リバプール、最下位に痛恨の黒星 CL圏遠のく

サッカー

プレミアリーグ第29節が現地時間3月3日(日本時間4日)に行われ、モリニュー・スタジアムで対戦したウルヴァーハンプトン・ワンダラーズとリバプールの一戦は、ホームのウルブスが2―1で勝利する波乱の結果となった。リーグ最下位に沈むウルブスが上位を争うリバプールを撃破するという、今節屈指の番狂わせである。

今季のリバプールはチャンピオンズリーグ出場圏内を争う重要な位置につけており、格下と目される相手との試合では確実に勝ち点を積み上げることが求められていた。一方のウルブスは降格圏の底に沈み、残留争いの渦中にあるチームである。戦力面や順位だけを見ればリバプールが優勢と考えられていたが、試合はその予想を裏切る展開となった。

立ち上がりから主導権を握ったのはリバプールであった。高い位置からのプレスと素早いパス回しでボールを支配し、相手陣内へと押し込んでいく。中盤ではテンポ良くボールが回り、サイドからの崩しを中心に何度もチャンスを作り出した。しかし、ウルブスの守備は集中力が高く、ゴール前では体を張った対応を見せる。リバプールはボール保持率では上回りながらも、決定機を確実にものにすることができなかった。

ウルブスは守備を固めながらカウンターを狙う戦術を徹底した。ボールを奪うと素早く前線へ送り込み、スピードを生かしてリバプールの背後を突く。前半は両チームともゴールを奪うには至らず、試合は0―0のまま後半へと突入した。

後半に入ると、試合は徐々に動き始める。リバプールはボール保持を続けながら攻勢を強めるが、ゴール前での精度を欠き決定的な場面を作り切れない。すると終盤に入り、試合の流れは一変する。

78分、ウルブスがカウンターから先制点を奪った。中盤でボールを奪うと素早く前線へ展開し、最後はロドリゴ・ゴメスがゴールを決めてネットを揺らした。ホームスタジアムは大きな歓声に包まれ、最下位チームが強豪相手にリードを奪う展開となった。

追い込まれたリバプールはすぐさま反撃に出る。攻撃のギアを一段と上げ、前線に人数をかけてゴールへ迫る。そして83分、ついに同点弾が生まれる。右サイドからの攻撃の流れの中でモハメド・サラーが冷静にシュートを決め、試合は1―1となった。リバプールにとっては、ここから逆転勝利を狙う絶好の流れであった。

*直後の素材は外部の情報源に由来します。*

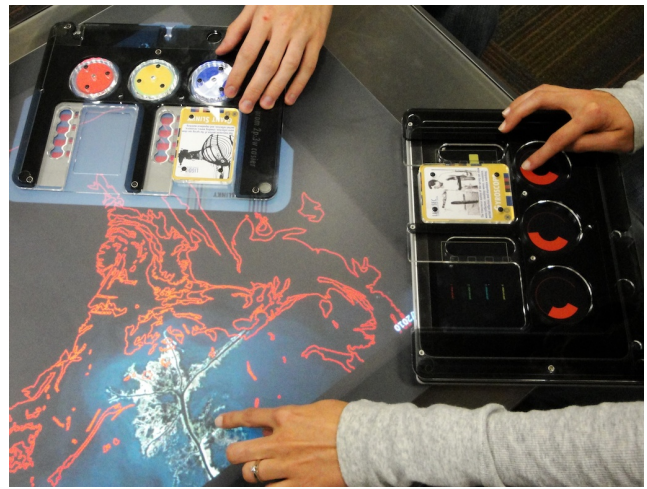
Figure 6. Example of two FH7 (letter page) three-wheeled parameter casiers used on a Microsoft Surface.

alization, complementing Surface-based spatial interactions.
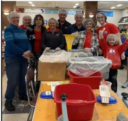
Lakeland Area GFWC Women’s Club members (and boosters) help package food as part of the Food for Kidz event in Minocqua as part of the GFWC Foodsgiving event. Food goes to local and regional food pantries for those with food insecurity.
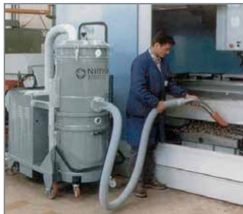
Large capacity collection for longer run times
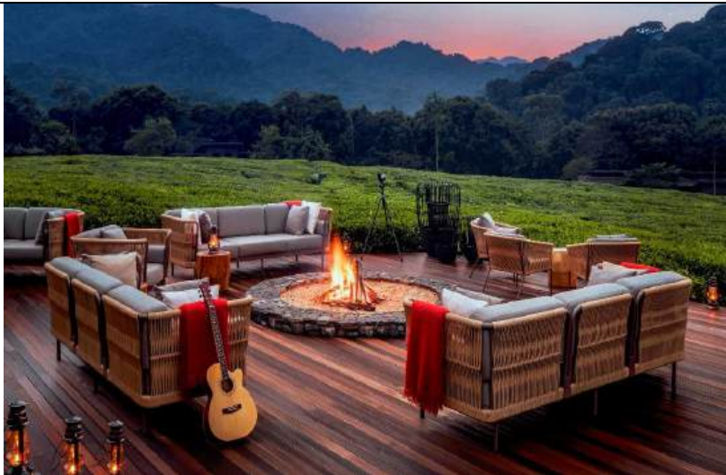
Enjoy relaxing and luxurious life in Nyungwe National Park
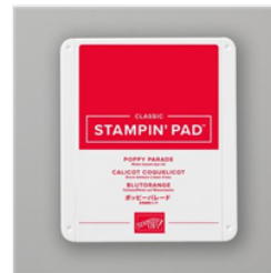
Poppy Parade Classic Stampin' Pad - 147050
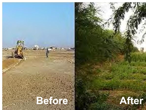
Permaculture Research Institute, Award Winner 2010

Participatory and explorative dialogs among impact investors, institutions, companies, country representatives and NGOs will focus on creating innovative business models and action plans.
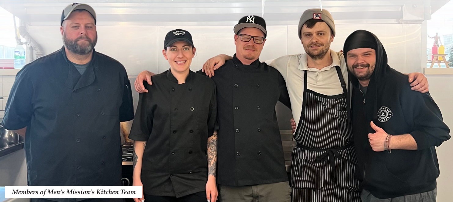
Members of Men's Mission's Kitchen Team
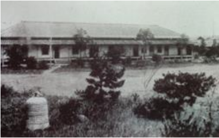
将校集会所 Officers' mess-room
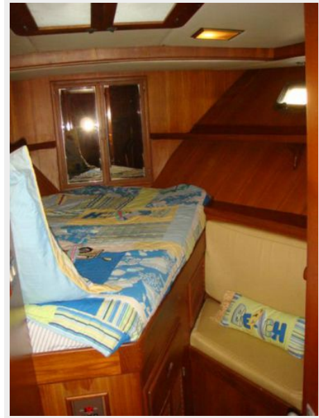
43' Tradewinds Guest Stateroom
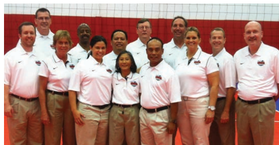
Division I Floor Crew

pledged themselves to being the last thing that the referees had to worry about. The NCAA staff and Division I Championship committee were suitably impressed; we've already been assured that PAVO will be able to provide the support crew in Seattle as well.
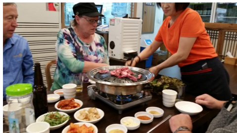
Traditional Korean BBQ
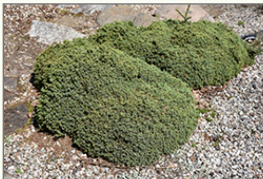
Blue Nest Spruce

Blue Nest Spruce is recommended for the following landscape applications;
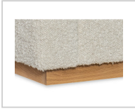
Fabric shown: MB014-04 Bryan Parchment Finish: Natural Oak
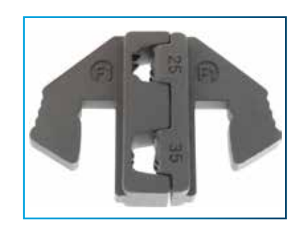
Die Jaw Type: F1 #10187D
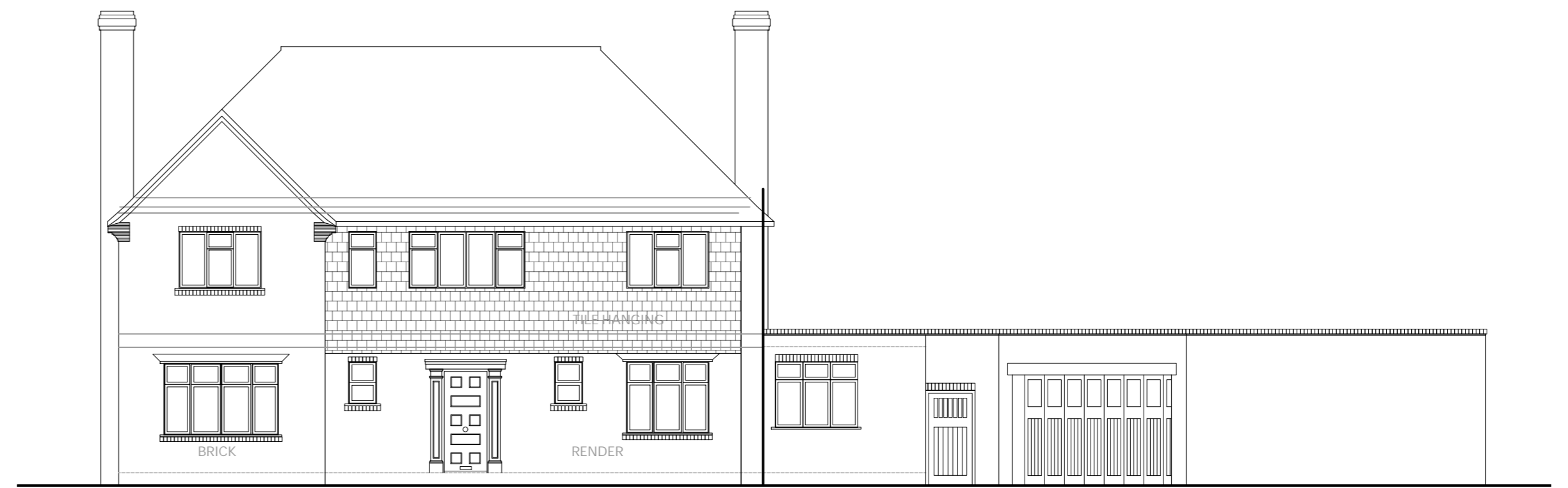
EXISTING EAST FACING FRONT ELEVATION
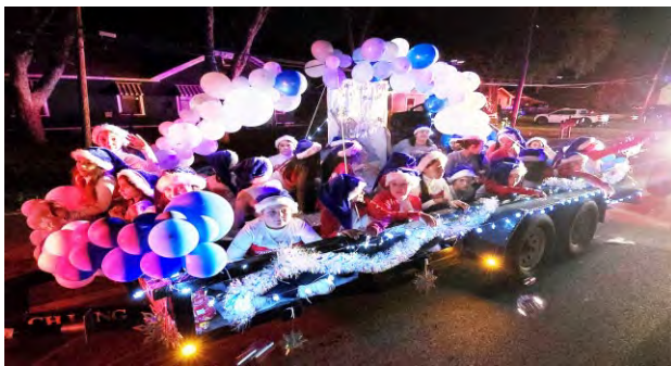
HONORABLE MENTION: Newport Elementary

looked like a Hallmark Christmas card." "It reminded me of those days when the whole family sat in the room together to celebrate and share their

しかし、試合は思わぬ形で決着を迎える。アディショナルタイムに入った90+4分、ウルブスが再びカウンターからチャンスを作り出す。ボールを受けたアンドレがミドルシュートを放つと、ボールはディフェンダーに当たってコースが変わり、そのままゴールへ吸い込まれた。リバプール守備陣にとっては不運とも言える形ではあったが、この一撃が決勝点となった。

試合終了の笛が鳴ると、モリニュー・スタジアムは歓喜に包まれた。最下位のウルブスが上位チームのリバプールを撃破するという大金星を挙げたのである。選手たちはピッチ上で喜びを爆発させ、残留争いに向けて大きな勝ち点3を手にした。

一方でリバプールにとっては非常に痛い敗戦となった。試合を通してボールを支配しながらも決定力を欠き、最後は試合終了間際の失点で勝ち点を失った。チャンピオンズリーグ出場権を巡る争いが激化する中、この結果は順位争いに大きな影響を与える可能性がある。

特に問題視されるのは試合終盤の集中力である。リバプールは今季、終盤の失点によって勝ち点を取りこぼす試合がいくつか見られており、この試合でも同じ課題が露呈した。ボール支配率やシュート数では上回りながらも勝利につながらないという状況は、チームの完成度という点で改善の余地を示している。

それでもリーグ戦はまだ終盤戦の途中であり、リバプールには巻き返しの機会が残されている。今後の試合でどのように立て直しを図るのかが注目される。一方のウルブスにとっては、この勝利が残留争いの流れを変える可能性を秘めている。

プレミアリーグではしばしば番狂わせが起こるが、この試合もまたその象徴的な一戦となった。最下位チームが上位クラブを撃破したという結果は、リーグの競争の激しさを改めて示すものである。リバプールにとっては悔しい敗戦となったが、シーズン終盤へ向けてどのような反応を見せるのかが今後の焦点となる。